** WHAT YOU HAVE TO DO **
What are the lines below, starting at the line containing "Embroidered Soft Cotton" and ending at the line containing "low-rise straight-leg jeans"? Write them out exactly, ends included, without pictures.

** INPUT RECORDS **
◆ ◆ ◆ ◆ ◆

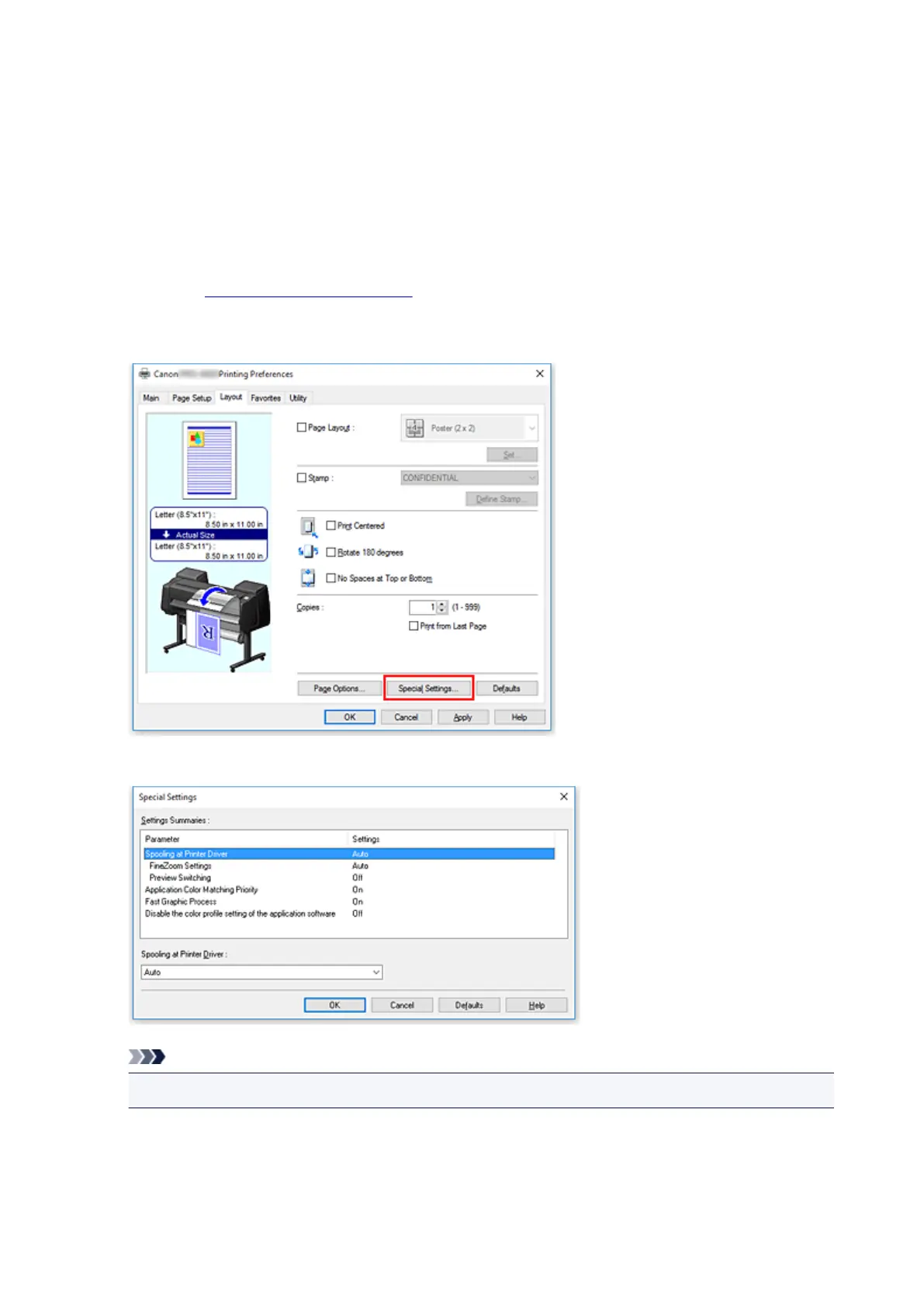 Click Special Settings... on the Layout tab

◆ ◆ ◆ ◆ ◆

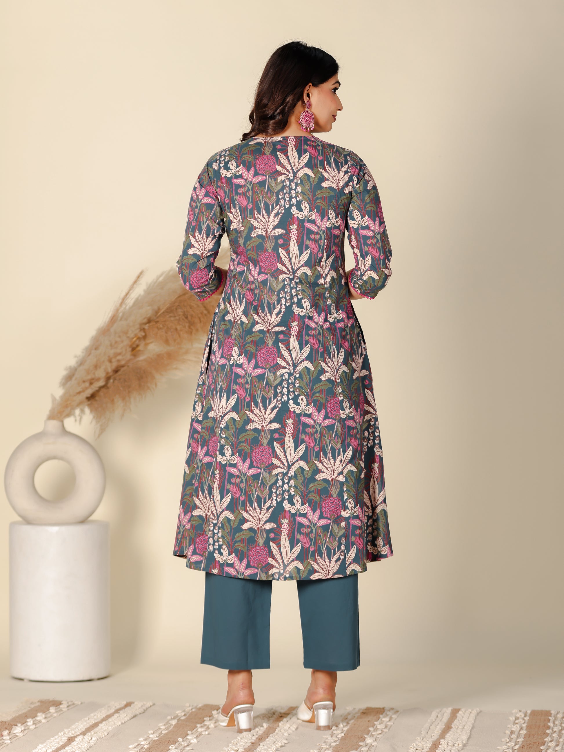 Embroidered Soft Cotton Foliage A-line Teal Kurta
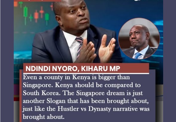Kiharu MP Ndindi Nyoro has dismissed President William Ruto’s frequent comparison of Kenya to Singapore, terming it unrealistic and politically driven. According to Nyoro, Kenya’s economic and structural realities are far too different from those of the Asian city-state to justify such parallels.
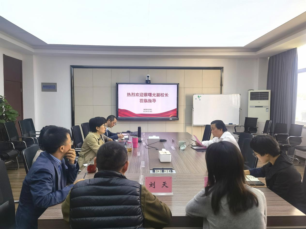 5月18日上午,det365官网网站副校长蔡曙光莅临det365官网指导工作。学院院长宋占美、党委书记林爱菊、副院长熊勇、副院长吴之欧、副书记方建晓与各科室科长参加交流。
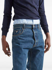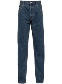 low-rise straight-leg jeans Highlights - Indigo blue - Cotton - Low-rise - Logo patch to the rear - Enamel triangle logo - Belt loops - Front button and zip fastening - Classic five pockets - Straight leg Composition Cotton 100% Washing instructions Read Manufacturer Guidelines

◆ ◆ ◆ ◆ ◆

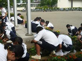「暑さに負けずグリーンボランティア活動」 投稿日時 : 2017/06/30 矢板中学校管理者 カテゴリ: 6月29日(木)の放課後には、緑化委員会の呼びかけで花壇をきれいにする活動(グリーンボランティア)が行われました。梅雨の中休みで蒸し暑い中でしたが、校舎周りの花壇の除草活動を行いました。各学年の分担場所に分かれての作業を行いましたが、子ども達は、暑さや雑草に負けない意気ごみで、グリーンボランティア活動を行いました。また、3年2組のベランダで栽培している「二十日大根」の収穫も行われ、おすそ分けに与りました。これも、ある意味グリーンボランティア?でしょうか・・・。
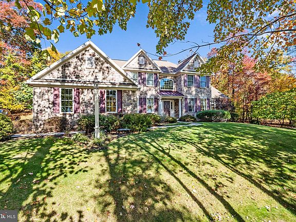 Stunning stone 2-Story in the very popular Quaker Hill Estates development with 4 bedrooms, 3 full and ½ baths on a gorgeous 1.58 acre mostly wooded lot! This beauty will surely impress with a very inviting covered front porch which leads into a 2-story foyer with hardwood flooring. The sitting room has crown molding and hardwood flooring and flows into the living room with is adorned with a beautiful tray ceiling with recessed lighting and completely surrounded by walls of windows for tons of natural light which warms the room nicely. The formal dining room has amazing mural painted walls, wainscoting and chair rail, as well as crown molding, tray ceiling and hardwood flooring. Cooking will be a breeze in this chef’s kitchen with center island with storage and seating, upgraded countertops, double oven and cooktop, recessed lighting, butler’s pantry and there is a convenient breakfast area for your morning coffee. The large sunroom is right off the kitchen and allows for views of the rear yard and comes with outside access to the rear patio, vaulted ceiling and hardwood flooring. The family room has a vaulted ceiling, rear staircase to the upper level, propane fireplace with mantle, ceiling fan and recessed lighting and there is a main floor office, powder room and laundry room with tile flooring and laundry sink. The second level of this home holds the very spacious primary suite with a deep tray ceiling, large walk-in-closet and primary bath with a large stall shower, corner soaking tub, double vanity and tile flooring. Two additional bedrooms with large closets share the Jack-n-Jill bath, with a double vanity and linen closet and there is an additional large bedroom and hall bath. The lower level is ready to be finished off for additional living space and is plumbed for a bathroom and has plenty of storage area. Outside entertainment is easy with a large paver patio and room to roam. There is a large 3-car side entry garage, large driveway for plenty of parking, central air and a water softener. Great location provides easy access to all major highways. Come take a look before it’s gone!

◆ ◆ ◆ ◆ ◆

** EXERCISE OUTPUT **
 Embroidered Soft Cotton Foliage A-line Teal Kurta
Kiharu MP Ndindi Nyoro has dismissed President William Ruto’s frequent comparison of Kenya to Singapore, terming it unrealistic and politically driven. According to Nyoro, Kenya’s economic and structural realities are far too different from those of the Asian city-state to justify such parallels.
 5月18日上午,det365官网网站副校长蔡曙光莅临det365官网指导工作。学院院长宋占美、党委书记林爱菊、副院长熊勇、副院长吴之欧、副书记方建晓与各科室科长参加交流。
 low-rise straight-leg jeans Highlights - Indigo blue - Cotton - Low-rise - Logo patch to the rear - Enamel triangle logo - Belt loops - Front button and zip fastening - Classic five pockets - Straight leg Composition Cotton 100% Washing instructions Read Manufacturer Guidelines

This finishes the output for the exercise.